Influence from the Future

TL;DR

This paper explores the idea that influences from the future and non-local effects could explain fundamental constants and particle masses, predicting specific values for the Higgs boson and top quark under certain assumptions.

Contribution

It introduces a model where future influences and mild non-locality determine constants of nature, leading to specific predictions for particle masses and coupling constants.

Findings

Predicted Higgs boson mass: 149 +/- 26 GeV

Predicted top quark mass: 173 +/- 5 GeV

Successfully predicted Standard Model coupling constants

Abstract

We argue that some of the parameters in the laws of Nature would be well understood, under the assumption that there is an influence from the future as well as from the past, in the sense that the principle of locality is not valid at the fundamental level. However, locality is supposed to be broken only in the mild way that all the non-local influence comes from integrals over the whole of space-time and acts at all moments and all places with the same effect. Thus the observable effects of the lack of locality can only be seen in the constants of Nature. Our cleanest prediction is the Higgs boson mass being 149 +/- 26 GeV, which in addition assumes that the pure Standard Model is valid until the Planck scale.

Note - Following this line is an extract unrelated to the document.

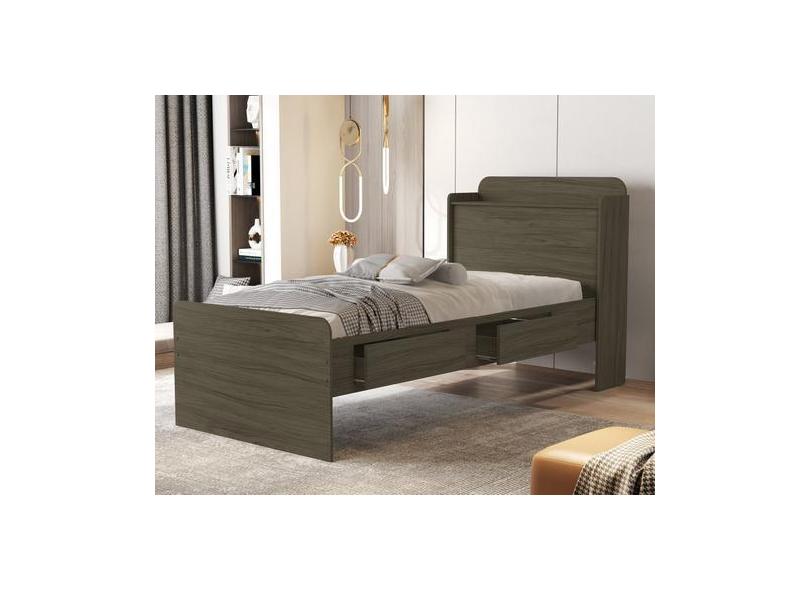 Cama Solteiro Tamires Com Gavetas Prateleira E Bau Para Quarto Moderna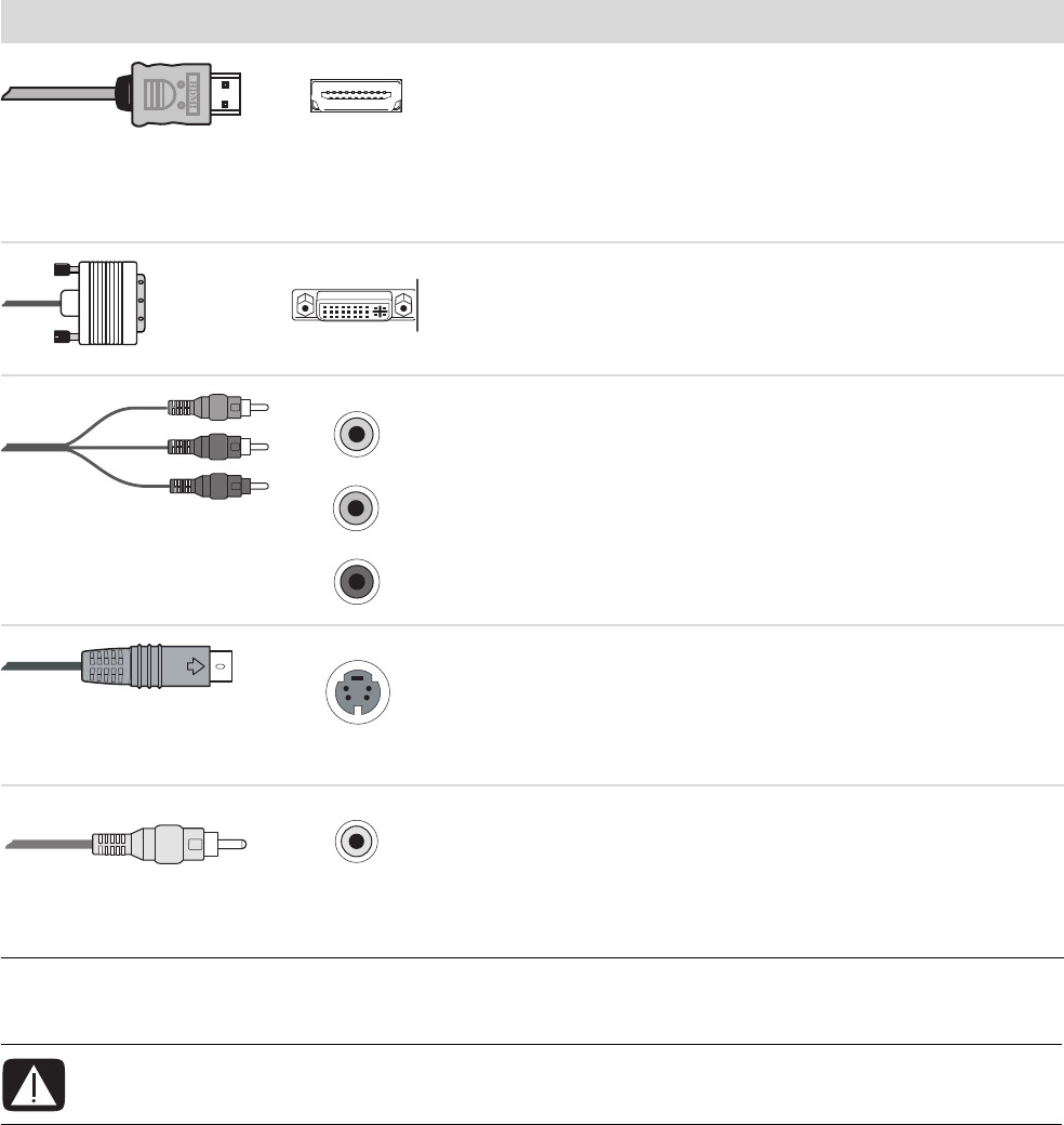 The following table shows the possible AV connection types, listed in order of decreasing video playback quality

Adding the assumption that the two vacuum states needed in our model come about naturally requires a strong first order transition between them; together with the assumption of the Planck units being fundamental, this leads us to also predict the top quark mass as 173 +/- 5 GeV, and a more precise value of the Higgs boson mass as 135 +/- 9 GeV. With the assumption of the anti-grand unified group SMG x SMG x SMG (three copies of the Standard Model gauge group, one for each generation), it is also possible to successfully predict the three fine structure constants in the Standard Model. We also discuss the extension of the SMG x SMG x SMG group by an extra abelian factor U(1)_f and the fermion mass matrices in this model. Other vacua than the present one might appear in the future due to human activity. The breaking of locality is really of the same mild character as suggested by baby universe theory, so the present work may be considered as a development of baby universe theory.